Question

find the term independent of x in the expansion of (2x - 1/3x^2)^9​

Answer 1

EXPLANATION.

⇒ (2x - 1/3x²)⁹.

As we know that,

We can write equation as,

$\sf \implies T_{r + 1} \ = \ ^{9}C_{r} (2x)^{9 - r} . \bigg(\dfrac{-1}{3x^{2} } \bigg)^{r}$

$\sf \implies T_{r + 1} \ = (-1)^{r} \ ^{9} C_{r} (2^{9 - r} ).(x^{9 - r} ) . \bigg(\dfrac{1}{3^{r}.x^{2r} } \bigg)$

$\sf \implies T_{r + 1} \ = (-1)^{r} \ ^{9} C_{r} (2^{9 - r} ).(x^{9 - r} ) . (3^{-r} ).(x^{-2r} )$

$\sf \implies T_{r + 1} \ = (-1)^{r} \ ^{9} C_{r} (2^{9 - r} ).(x^{9 - 3r} ) .(3^{-r} )$

$\sf \implies 9 - 3r = 0.$

$\sf \implies 9 = 3r.$

$\sf \implies t = 3.$

$\sf \implies T_{r + 1} = 3 + 1 = 4th \ term.$

Put the value of r = 3 in equation, we get.

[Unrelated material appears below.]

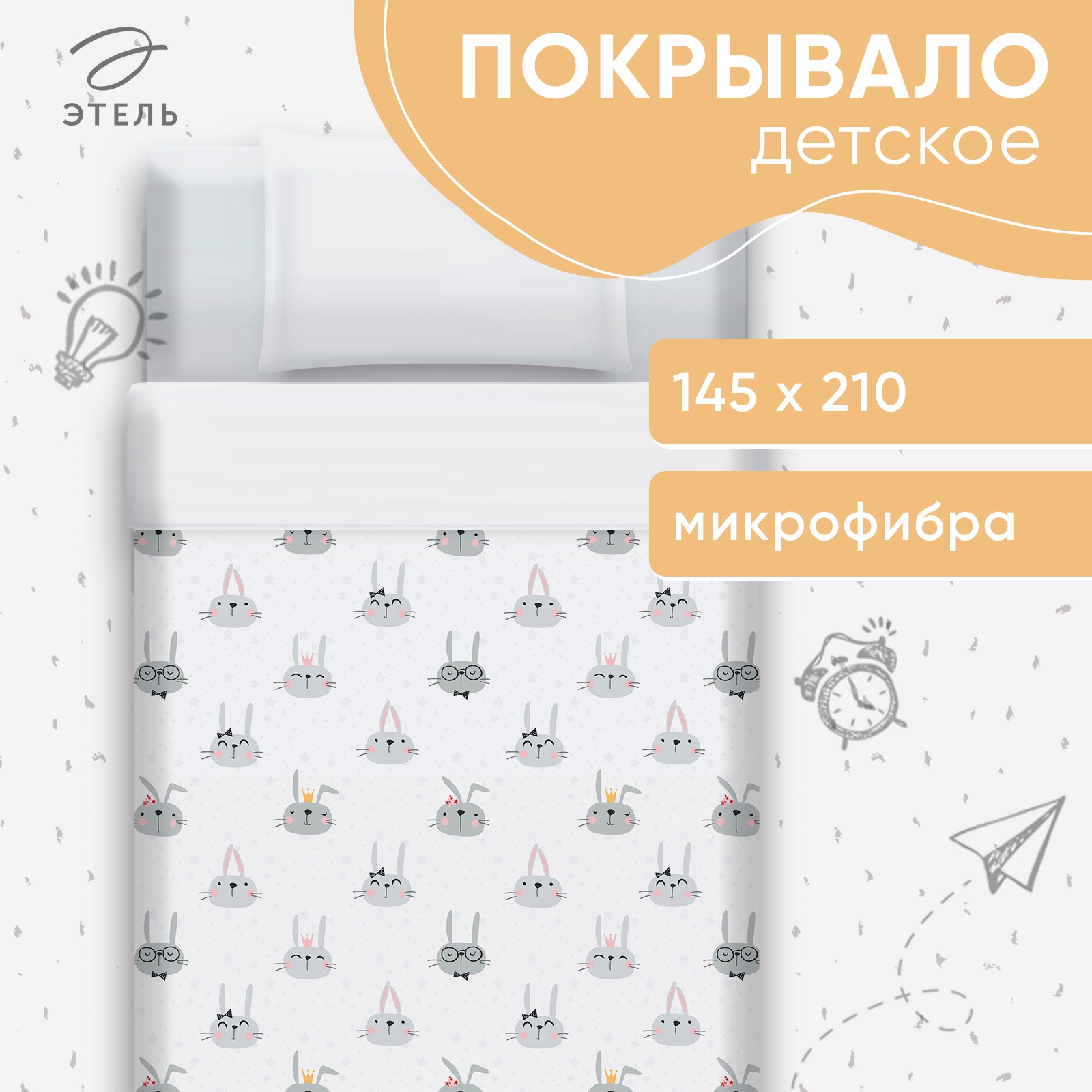 Покрывало 1.5-спальное «этель» funny rabbits, 145 210 см, хлопок 100%. Цвет:Белый|Цвет:Серый|Для кого:Унисекс|Ткань:Рогожка|Плотность, г/м :220|Размер, см:145 х 210|Длина, см:210|Ширина, см:145|Размер:1.5-спальное|Тематика:Животный мир|Вид упаковки:PVC-пакет|Символ года:Нет|Тематика праздника:Новый год|Декоративные элементы:Без элементов|Рекомендации по уходу:Глажка при 150 °С|Рекомендации по уходу:Стирка при 40 °С|Рекомендации по уходу:Барабанная сушка при низкой температуре|Рекомендации по уходу:Не отбеливать|Состав ткани:Хлопок|Страна:Россия  развернуть описание ▼
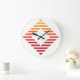 Relógio de Parede, 10" de madeira natural redonda Grande Relógio com forma de diamante fina e listrada. Laranja a vermelha arte de operações. Perfeito para casa ou escritório procurando um relógio moderno.

$\sf \implies (-1)^{3} \ ^{9} C_{3} (2^{9 - 3} ).(3)^{-3}$

$\sf \implies (-1).^{9} C_{3} (2)^{6} .(3)^{-3}$

$\sf \implies (-1) \ ^{9} C_{3} (64)(-27).$

$\sf \implies ^{9} C_{3} (1728). = \ \dfrac{9 \times 8 \times 7 \times 6!}{3! \times 6!} \times 1728$

$\sf \implies \dfrac{9 \times 8 \times 7 }{3 \times 2 \times 1} \times 1728$

$\sf \implies \dfrac{504 \times 1728}{6} \ = 145,152$

                                                                                                                       

MORE INFORMATION.

Some important expansions.

(1) = (1 - x)⁻¹ = 1 + x + x² + x³ + . . . . . + x^(r) + . . .

General term = T(r + 1) = x^(r).

(2) = (1 + x)⁻¹ = 1 - x + x² - x³ + . . . . . (-x)^(r) + . . .

General term = T(r + 1) = (-x)^(r).

(3) = (1 - x)⁻² = 1 + 2x + 3x² + 4x³ + . . . . . + (r + 1)x^(r) + . . .

General term = T(r + 1) = (r + 1)x^(r).

(4) = (1 + x)⁻² = 1 - 2x + 3x² - 4x³ + . . . . + (r + 1)(-x)^(r) + . . .  .

General term = T(r + 1) = (r + 1)(-x)^(r).